* About this exercise
Write out exactly the lines from the start of the entries through the one that contains "Unlimited and Fast", including both.

* Information provided
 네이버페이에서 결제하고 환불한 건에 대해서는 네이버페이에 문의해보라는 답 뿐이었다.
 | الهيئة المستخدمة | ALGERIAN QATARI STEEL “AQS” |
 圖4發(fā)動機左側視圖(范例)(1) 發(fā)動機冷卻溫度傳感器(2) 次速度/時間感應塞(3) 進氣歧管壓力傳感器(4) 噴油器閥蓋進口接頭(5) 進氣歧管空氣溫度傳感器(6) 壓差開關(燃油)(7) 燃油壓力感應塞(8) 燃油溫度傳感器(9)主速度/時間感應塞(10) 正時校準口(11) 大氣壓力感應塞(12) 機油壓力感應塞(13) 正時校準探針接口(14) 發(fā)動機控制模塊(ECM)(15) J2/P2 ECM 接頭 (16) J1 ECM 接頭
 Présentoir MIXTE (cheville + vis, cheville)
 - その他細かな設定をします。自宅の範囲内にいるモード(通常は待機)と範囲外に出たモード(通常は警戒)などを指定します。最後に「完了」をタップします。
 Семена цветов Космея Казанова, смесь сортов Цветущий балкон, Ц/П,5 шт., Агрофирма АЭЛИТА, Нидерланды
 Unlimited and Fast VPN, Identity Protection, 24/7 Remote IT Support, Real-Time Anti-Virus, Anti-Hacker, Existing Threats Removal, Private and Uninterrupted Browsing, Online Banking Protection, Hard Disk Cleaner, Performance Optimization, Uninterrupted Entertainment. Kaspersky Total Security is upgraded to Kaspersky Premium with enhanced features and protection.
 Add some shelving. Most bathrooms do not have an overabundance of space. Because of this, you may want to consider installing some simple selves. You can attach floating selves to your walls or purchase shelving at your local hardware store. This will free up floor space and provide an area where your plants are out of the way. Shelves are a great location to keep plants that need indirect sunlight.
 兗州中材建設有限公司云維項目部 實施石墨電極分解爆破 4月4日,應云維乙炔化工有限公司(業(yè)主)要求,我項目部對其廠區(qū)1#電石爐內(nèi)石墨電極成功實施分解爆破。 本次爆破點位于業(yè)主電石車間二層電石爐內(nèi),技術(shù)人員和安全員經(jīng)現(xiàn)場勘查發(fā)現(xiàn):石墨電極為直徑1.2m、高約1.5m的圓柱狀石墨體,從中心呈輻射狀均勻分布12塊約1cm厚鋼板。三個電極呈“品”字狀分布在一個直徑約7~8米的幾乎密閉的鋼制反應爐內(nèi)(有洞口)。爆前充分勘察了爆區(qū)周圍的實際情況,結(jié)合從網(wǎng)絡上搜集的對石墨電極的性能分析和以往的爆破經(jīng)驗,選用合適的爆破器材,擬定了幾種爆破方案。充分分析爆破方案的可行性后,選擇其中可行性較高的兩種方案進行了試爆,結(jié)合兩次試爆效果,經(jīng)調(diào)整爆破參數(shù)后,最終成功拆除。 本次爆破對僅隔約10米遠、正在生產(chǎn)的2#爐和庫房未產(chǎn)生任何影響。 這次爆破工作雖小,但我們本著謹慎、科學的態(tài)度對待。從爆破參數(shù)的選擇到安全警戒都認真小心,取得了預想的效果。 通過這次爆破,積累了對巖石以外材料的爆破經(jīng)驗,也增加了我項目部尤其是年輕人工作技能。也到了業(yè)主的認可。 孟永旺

* Answer for the task
 네이버페이에서 결제하고 환불한 건에 대해서는 네이버페이에 문의해보라는 답 뿐이었다.
 | الهيئة المستخدمة | ALGERIAN QATARI STEEL “AQS” |
 圖4發(fā)動機左側視圖(范例)(1) 發(fā)動機冷卻溫度傳感器(2) 次速度/時間感應塞(3) 進氣歧管壓力傳感器(4) 噴油器閥蓋進口接頭(5) 進氣歧管空氣溫度傳感器(6) 壓差開關(燃油)(7) 燃油壓力感應塞(8) 燃油溫度傳感器(9)主速度/時間感應塞(10) 正時校準口(11) 大氣壓力感應塞(12) 機油壓力感應塞(13) 正時校準探針接口(14) 發(fā)動機控制模塊(ECM)(15) J2/P2 ECM 接頭 (16) J1 ECM 接頭
 Présentoir MIXTE (cheville + vis, cheville)
 - その他細かな設定をします。自宅の範囲内にいるモード(通常は待機)と範囲外に出たモード(通常は警戒)などを指定します。最後に「完了」をタップします。
 Семена цветов Космея Казанова, смесь сортов Цветущий балкон, Ц/П,5 шт., Агрофирма АЭЛИТА, Нидерланды
 Unlimited and Fast VPN, Identity Protection, 24/7 Remote IT Support, Real-Time Anti-Virus, Anti-Hacker, Existing Threats Removal, Private and Uninterrupted Browsing, Online Banking Protection, Hard Disk Cleaner, Performance Optimization, Uninterrupted Entertainment. Kaspersky Total Security is upgraded to Kaspersky Premium with enhanced features and protection.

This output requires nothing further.